I heard this term used today and it was new to me. It intrigued me. In looking it up, I found that the context that it is often in reference to the human effect on the environment (usually negative). But I wondered about it within my own life. Surely this law has played a role somewhere….

In thinking about it, initially I believed it was my haphazard approach to living that would bring unintended consequences to my life. So many of my previous decisions seemed terribly unplanned; my huge degree of boredom would motivate me into life altering steps with utter abandon. So then, of course, there would always be unintended consequences to these choices. Ones that propelled me forward down a path that allowed no turning back.

Sometimes, others choices set me down these unintended paths–the consequences to be paid then were hefty and to be dragged with me forever. But they defined me too and made me the person I am. Good? Bad? At moments, either/both… The weight of these, had they been changed, could have reset the entire course of my journey. Had they understood the consequences completely, where would I be now? Different consequences I suppose.

But really, even with a direct approach to life, I still face things unintended. Don’t we all? Think about it: what may be the unintended consequence of each action we take?

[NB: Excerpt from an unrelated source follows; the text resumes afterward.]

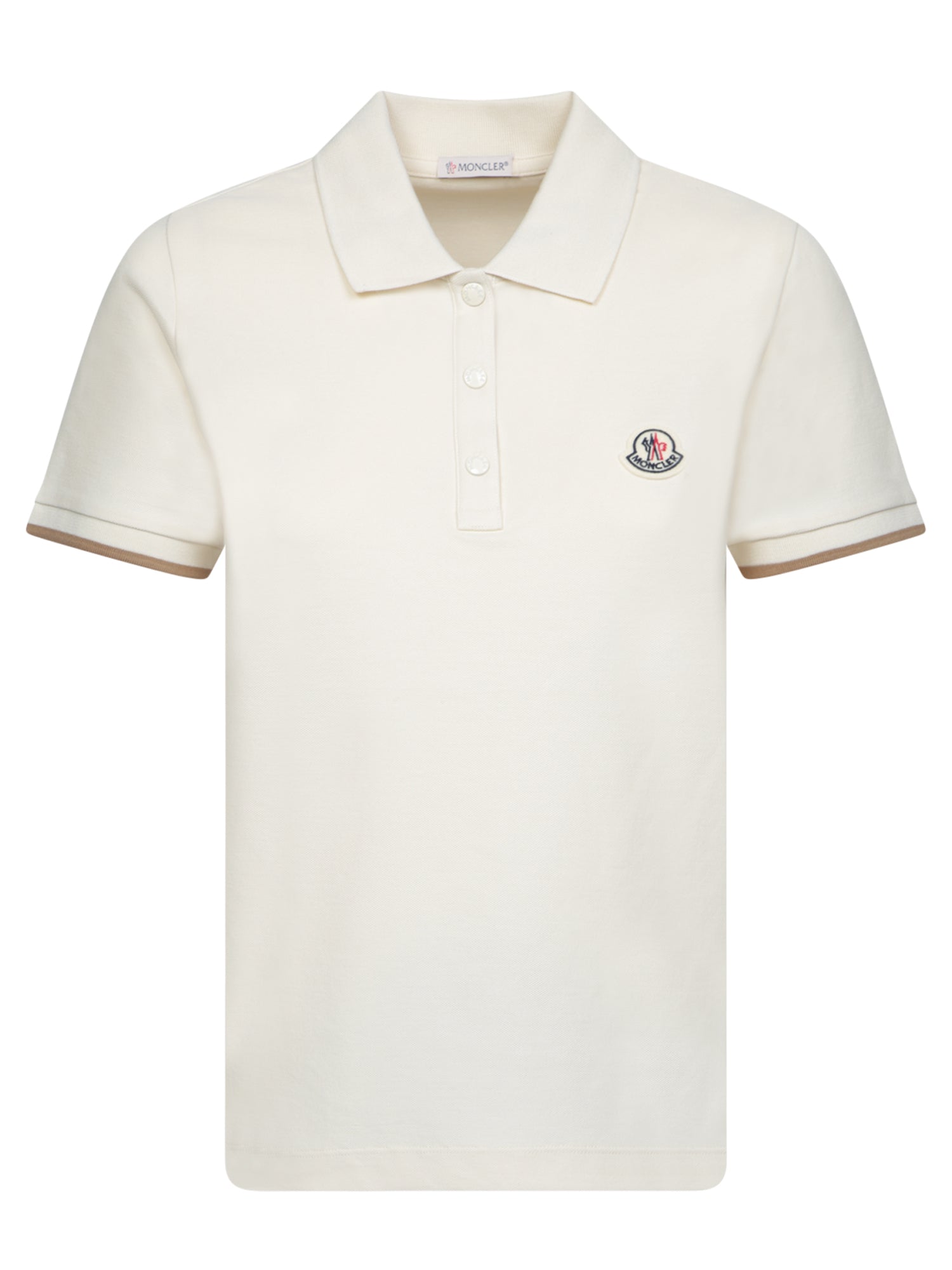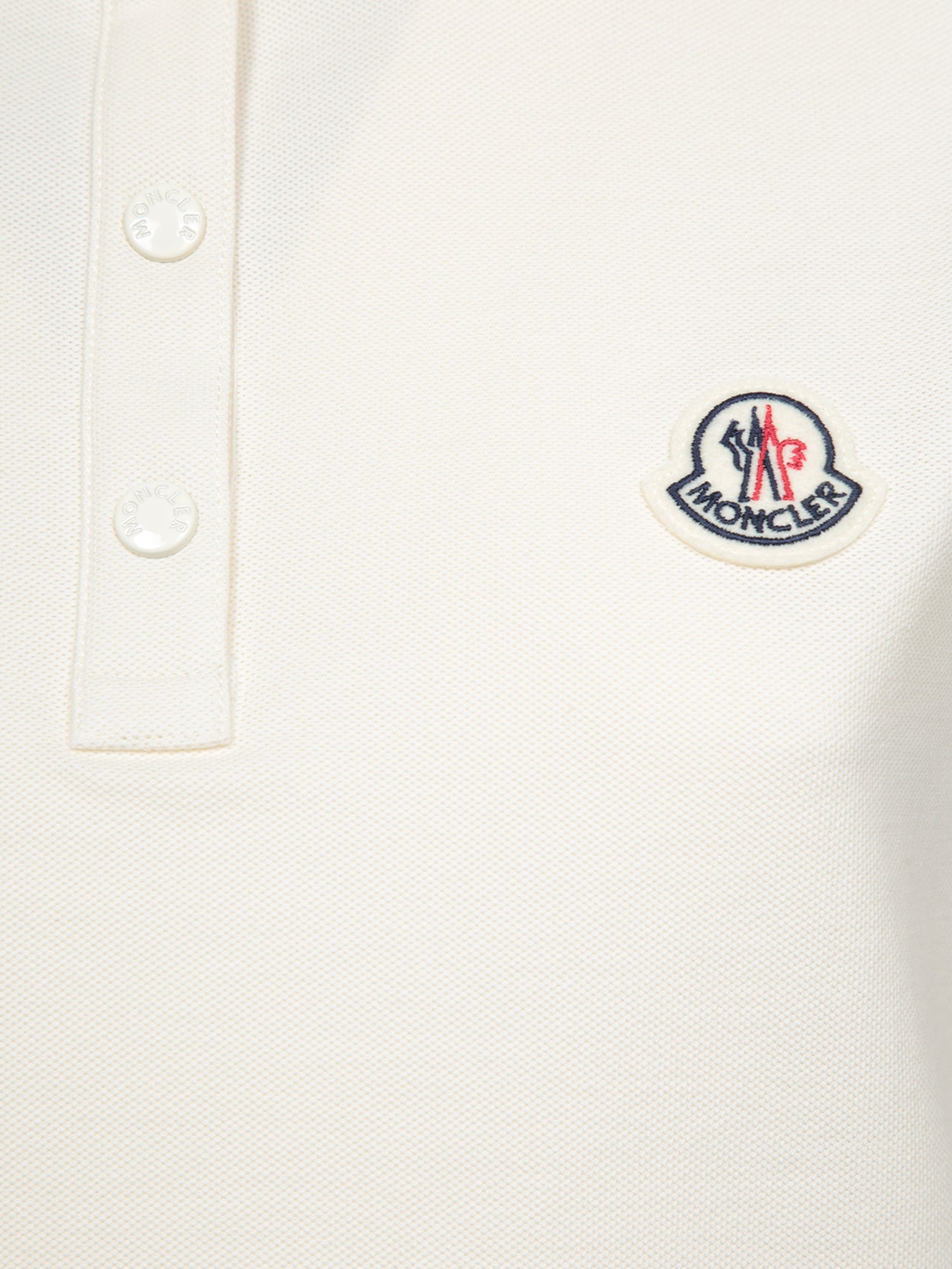 This white Moncler polo merges elegance and comfort, perfect for a casual-chic appearance. Finished with the signature Moncler logo on the chest and contrasting details on the collar and sleeves.

It’s all ripple effect. It can be huge. Or maybe just something simple. The point is that nothing we do is without meaning. We bounce off of something else.

Maybe I am simplifying this concept.

But really, when it comes down to it: many things we do come with great responsibilities.

So now that this is in my head, I will try to be more aware of its presence: in my life and in the greater world. By its very meaning, I won’t be able to change anything I guess, as the outcome will be unintended. But maybe, if on the front end I think more carefully, the consequences can be good.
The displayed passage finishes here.